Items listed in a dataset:
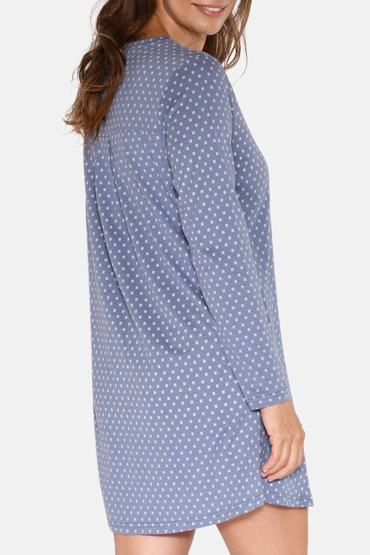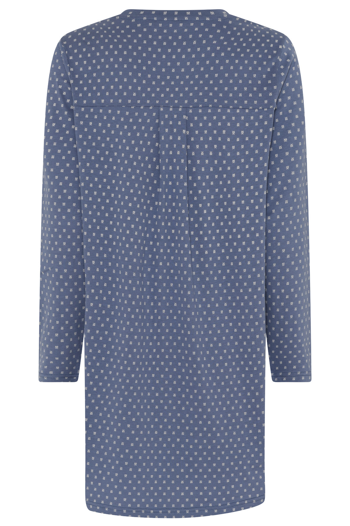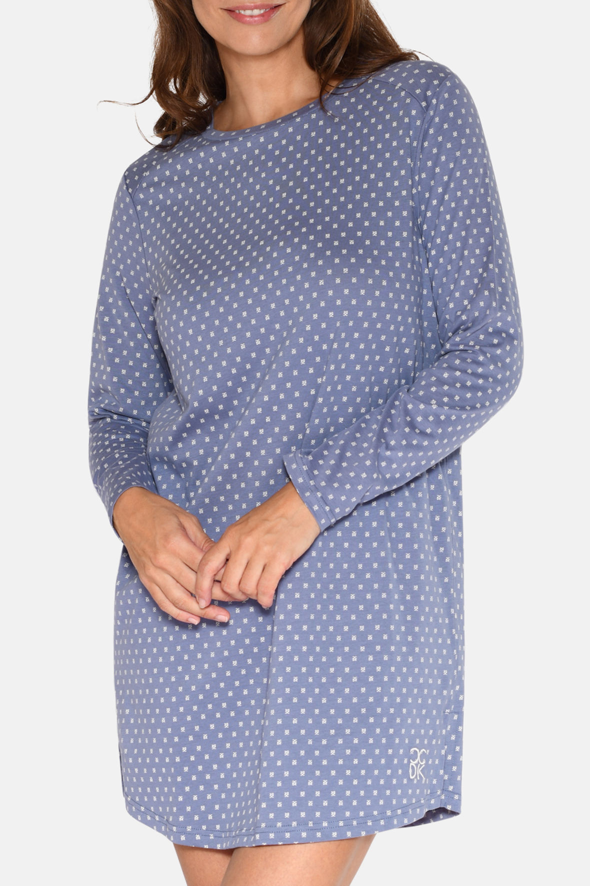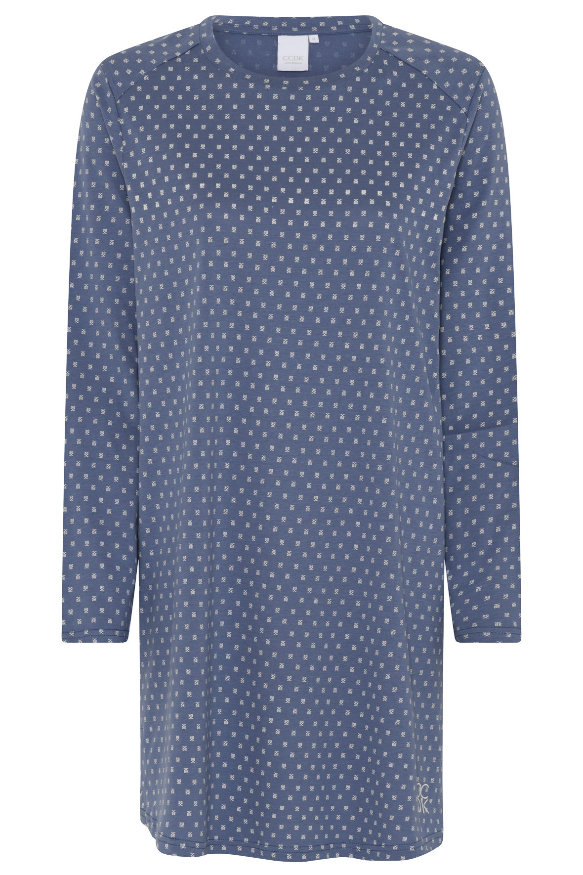 Nicole er en langærmet natkjole med all over print. Med rund halsudskæring, den er er blå i bunden og har CCDK print i hvidt der ligner snefnug. Lavet i økologisk bomuld for dejligt velvære. Den er temperaturregulerende og åndbar. Med løst snit. Skillesøm på ryggen med læg.
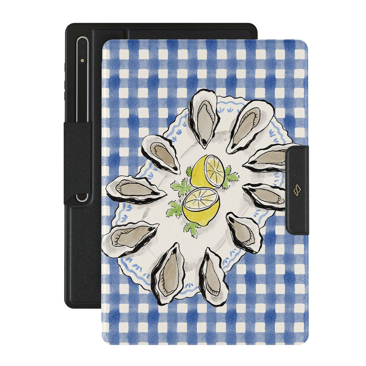 En este diseño: Ostras, limón, cuadros azules, elementos costeros frescos, tonos suaves pastel.
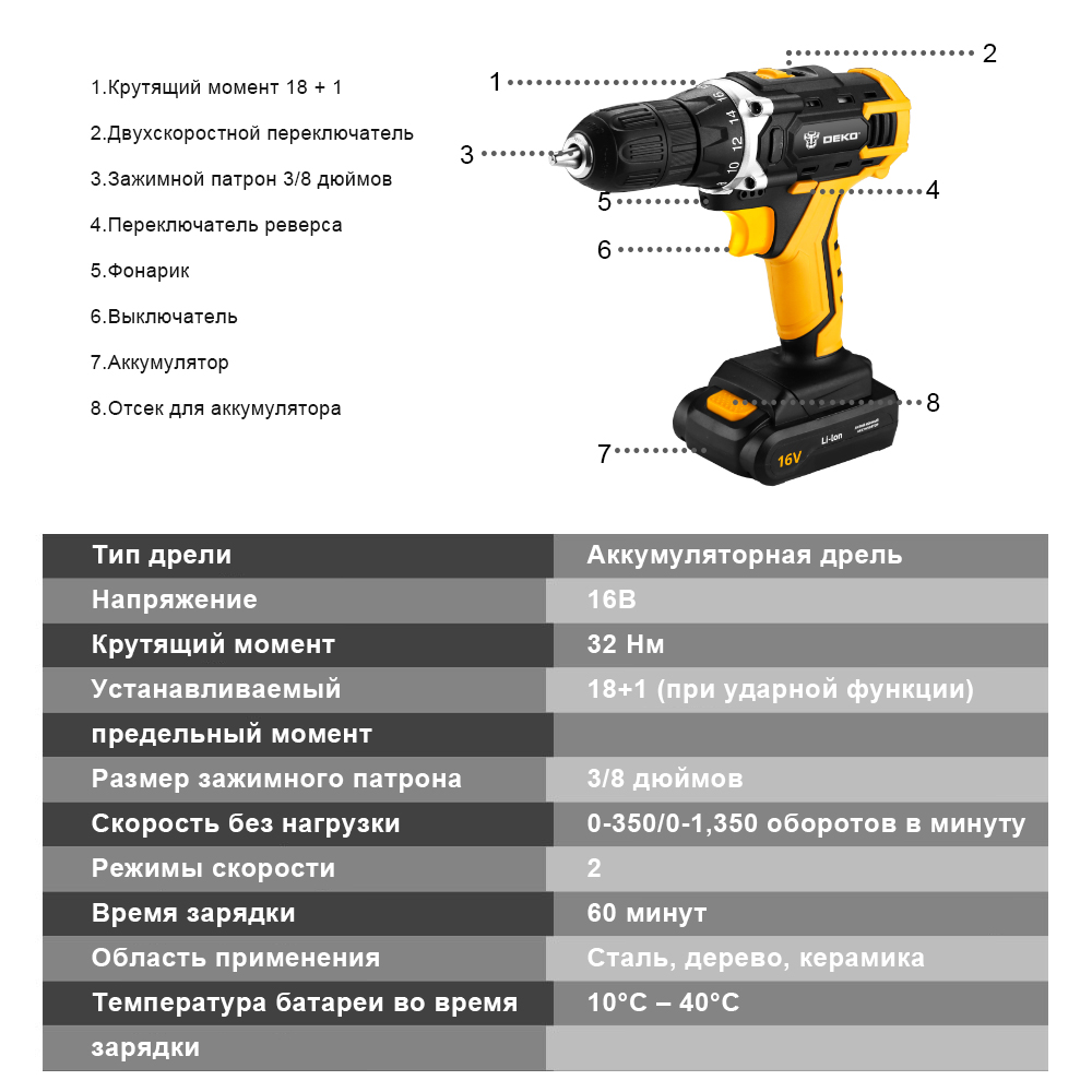 Дрель-шуруповерт аккумуляторная DEKO DKCD16FU-Li
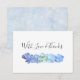 Små blommiga tacksamhetskort med ljusblå hydrangeablommor. "Med kärlek och tack" är texten på framsidan, eller anpassa den. Baksidan innehåller en bakgrundsbild av blekblå blommor.
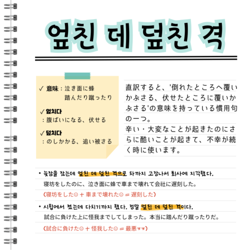 そういう時ってありますよね。本当に悪いことが続いて’ついてないな〜’って思ってしまう日が。そんな状況で使える韓国語の慣用句を紹介します。[엎친 데 덮친 격]です。似た表現で「설상가상, 산 넘...

**WHAT IS NEEDED:** The answer must be an exact transcription of the lines from the one holding "En este diseño: Ostras, limón, cuadros" to the last line of the entries above, with no pictures and nothing else.

**TASK RESULT:**
 En este diseño: Ostras, limón, cuadros azules, elementos costeros frescos, tonos suaves pastel.
 Дрель-шуруповерт аккумуляторная DEKO DKCD16FU-Li
 Små blommiga tacksamhetskort med ljusblå hydrangeablommor. "Med kärlek och tack" är texten på framsidan, eller anpassa den. Baksidan innehåller en bakgrundsbild av blekblå blommor.
 そういう時ってありますよね。本当に悪いことが続いて’ついてないな〜’って思ってしまう日が。そんな状況で使える韓国語の慣用句を紹介します。[엎친 데 덮친 격]です。似た表現で「설상가상, 산 넘...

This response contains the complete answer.